The speed-up due to the unrolling of the last iteration is pretty interesting. It suggests that nearly half of the computational work is done in the final step. This kind of makes sense, since the number of digits in T(n) (and therefore the cost of arithmetic) approximately doubles when n doubles, and we know that 2^n ~= 2^0 + 2^1 + ... + 2^(n-1).
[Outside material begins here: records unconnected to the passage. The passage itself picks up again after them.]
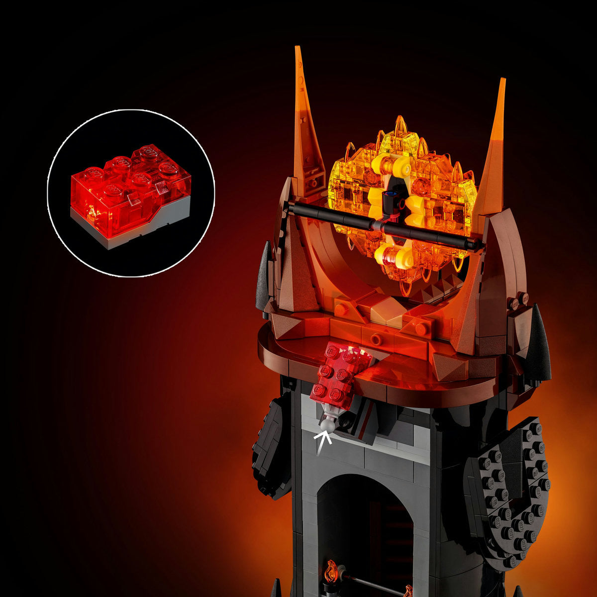 Potovanje v Srednji svet™ z modelom LEGO® Icons Gospodar prstanov: Barad-dûr™. Ta impresiven komplet filmskih spominkov je poln funkcij, ki jih bodo fani oboževali, in prikazuje zloveščo trdnjavo z visokim stolpom, ki dviga Sauronovo oko™ visoko nad Srednji svet™. V kompletu je tudi 10 minifigur, vključno s Sauronom™, Sauronovimi usti™, Gothmogom, Orcom™, Frodom, Samom in Gollumom™. Notranjost 1. nadstropja vključuje Gollumovo skrivališče, kovačnico orožja in zapor z orkovo kletko, ki jo je mogoče dvigniti. Nad jedilnico v 2. nadstropju boste našli sobo s prestolom, ki se odpre in razkrije skriti zemljevid Srednjega sveta. V 4. nadstropju se nahaja Sauronova delovna soba, medtem ko je v 5. nadstropju stolpna knjižnica z vrtečo se lestvijo. Črna vrata so avtomatizirana in Sauronovo oko sveti za očarljiv prikaz. Odkrijte navdihujočo ponudbo kreativnih sestavov LEGO za odrasle. Aplikacija LEGO Builder vsebuje digitalno različico navodil za sestavljanje, ki so priložena temu kompletu.
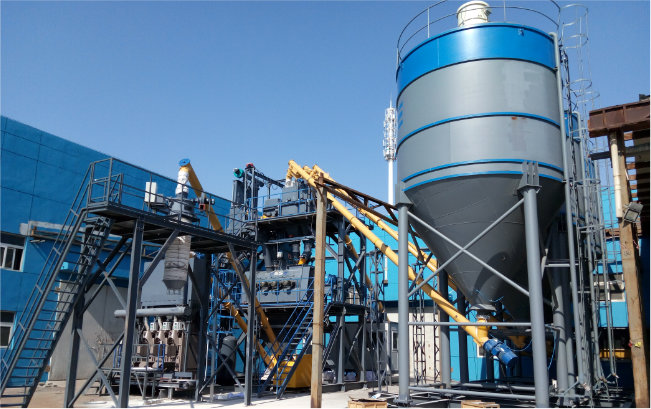 2016年12月,天津客戶采購(gòu)山推建友1套SjGZD040-3G型干混砂漿站成功應(yīng)用,用于預(yù)拌干混砂漿生產(chǎn)線。該設(shè)備砂倉置于主樓設(shè)備頂部,粉料倉置于主樓旁邊,計(jì)量系統(tǒng)位于攪拌機(jī)上邊,計(jì)量完成后物料直接卸入攪拌機(jī),具有占地面積小、生產(chǎn)率高、節(jié)能環(huán)保、等特點(diǎn),適合精細(xì)干混砂漿的生產(chǎn)。
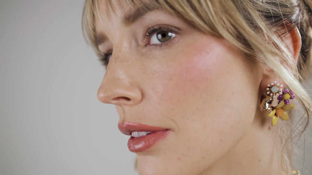 Brass-based stud earring with 18K gold plating, handmade with crystals and enamel flowers.
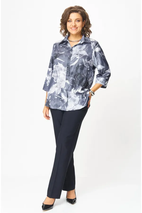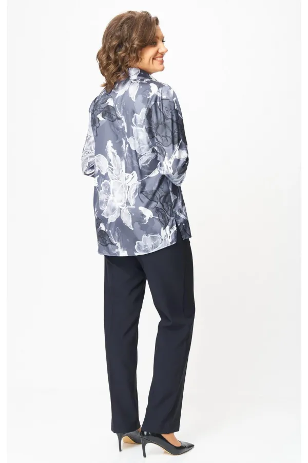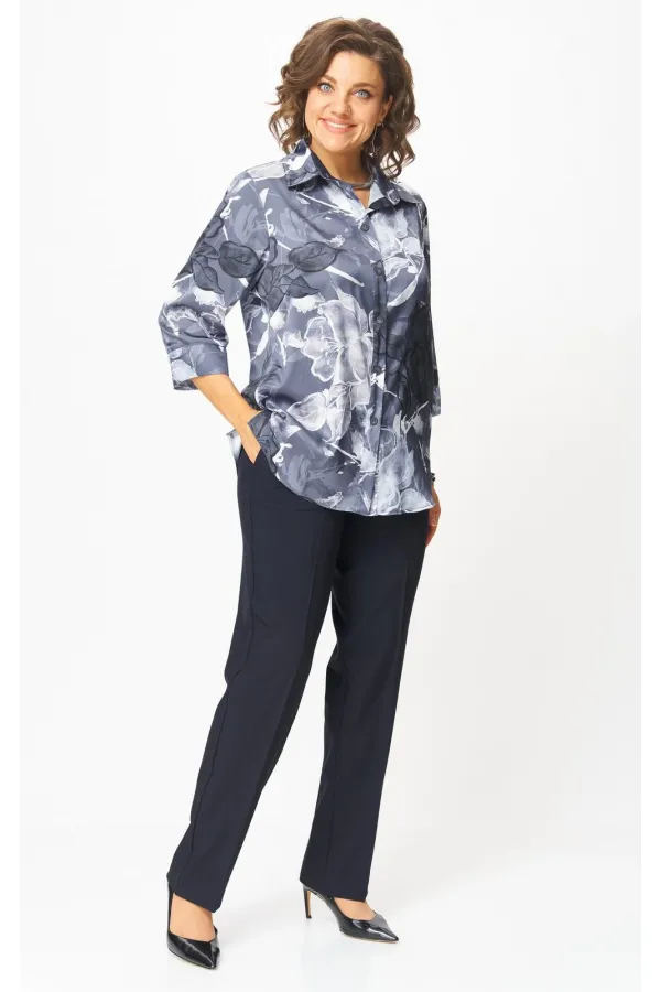 Этот комплект создан для того, чтобы вы забыли о вопросе «Что надеть?». Мы объединили две вещи, которые составляют основу стильного и практичного гардероба. Верх: блуза прямого кроя из нежного текстиля. Рукава 3/4 с манжетами и отложной воротник дарят образу лёгкость и утонченность. Центральная застежка на пуговицы и боковые разрезы добавляют практичности. Длина по спинке 74 см, длина рукава 45. Низ: классические прямые брюки с заутюженными стрелками, которые визуально вытягивают силуэт. Скрытая резинка по бокам гарантирует невероятный комфорт, сохраняя безупречный вид спереди. Длина брюк от талии по боковому шву 103 см.

Applying the optimization to similar Fibonacci/Lucas doubling algorithms produces a similar speed-up of ~40%--although, if you're computing Fibonacci/etc. modulo some 64-bit M, I suspect this optimization isn't as valuable.

Answer 3

From the OEIS, this is the (1,4) entry of the nth power of

1 1 0 0
1 0 1 0
1 0 0 1
1 0 0 0

To compute the nth power of that matrix in O(log n) operations, you can use exponentiation by squaring. There might be a slightly simpler recurrence, but you should be able to implement the general technique.